Causal Effect Estimation for Multivariate Continuous Treatments
Juan Chen, Yingchun Zhou

TL;DR
This paper extends entropy balancing to multivariate continuous treatments for causal inference, proposing parametric and nonparametric estimators with theoretical guarantees, validated through simulations and an application to smoking behavior.
Contribution
It introduces a novel multivariate entropy balancing method for causal effect estimation, with theoretical analysis and superior performance demonstrated in simulations and real data.
Findings
Frequency of smoking significantly increases medical expenditure.
Duration of smoking has no significant effect on medical expenditure.
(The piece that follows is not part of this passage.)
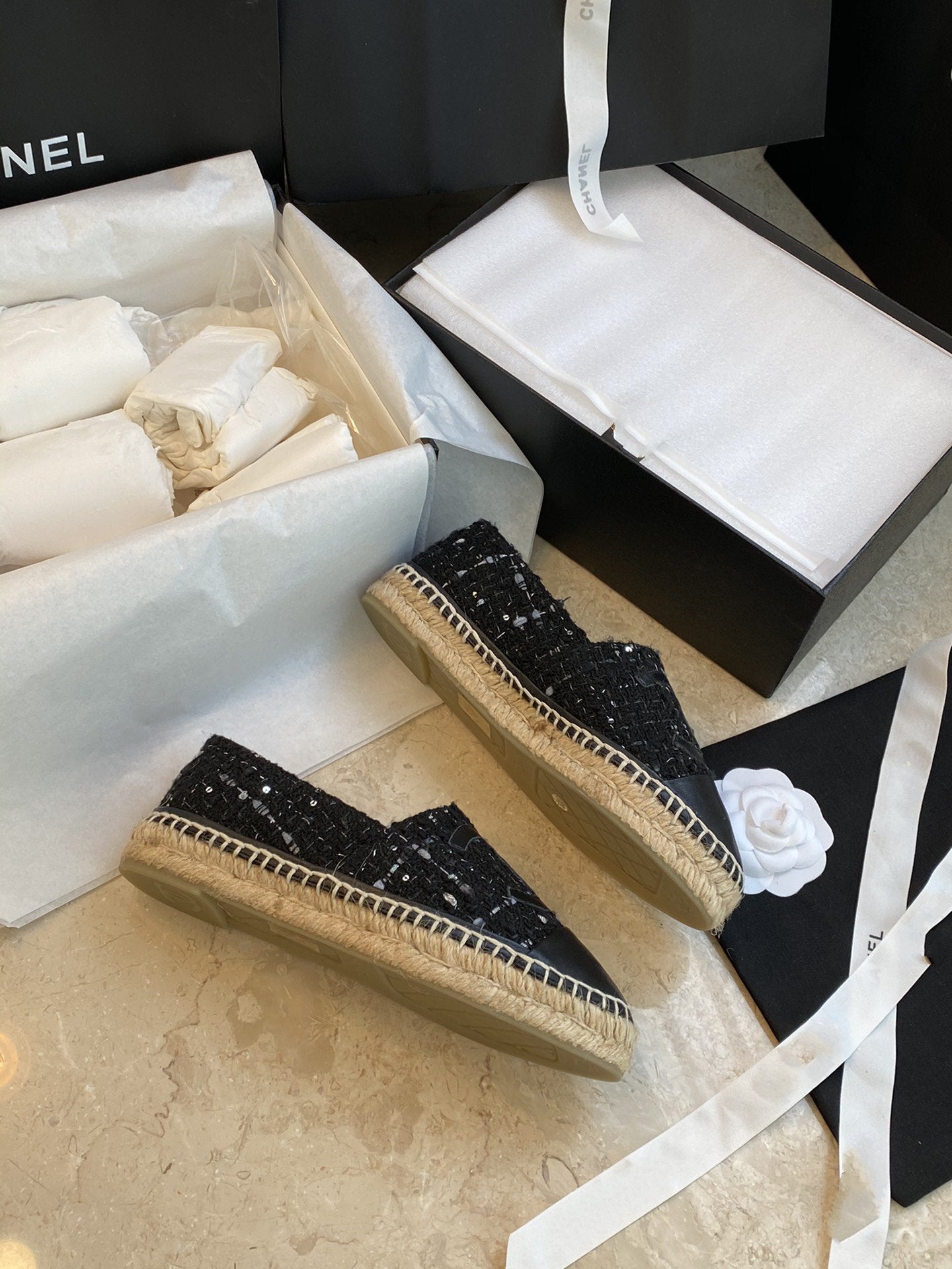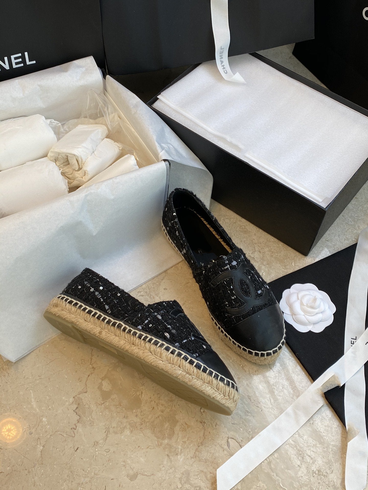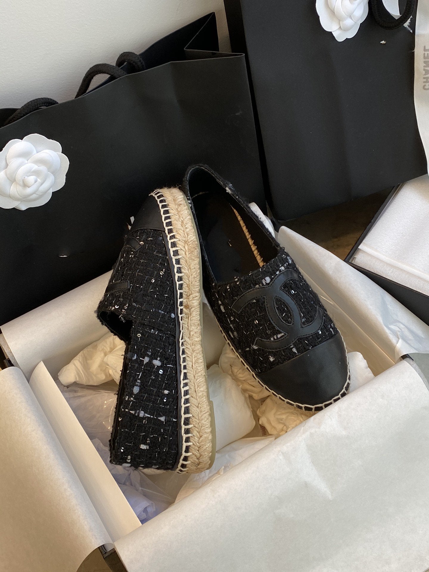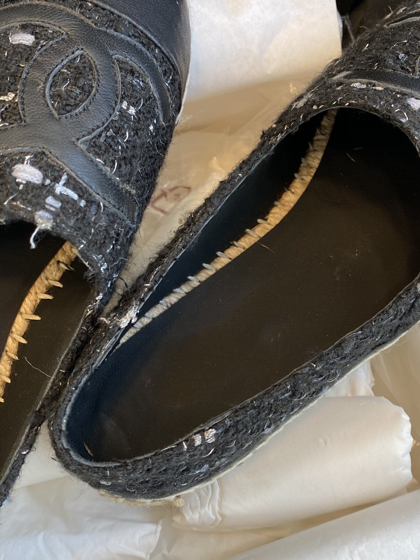 espadriles nere bianche tweed pelle di agnello nera

Proposed methods outperform existing approaches in various scenarios.
Abstract
Causal inference is widely used in various fields, such as biology, psychology and economics, etc. In observational studies, we need to balance the covariates before estimating causal effect. This study extends the one-dimensional entropy balancing method to multiple dimensions to balance the covariates. Both parametric and nonparametric methods are proposed to estimate the causal effect of multivariate continuous treatments and theoretical properties of the two estimations are provided. Furthermore, the simulation results show that the proposed method is better than other methods in various cases. Finally, we apply the method to analyze the impact of the duration and frequency of smoking on medical expenditure. The results show that the frequency of smoking increases medical expenditure significantly while the duration of smoking does not.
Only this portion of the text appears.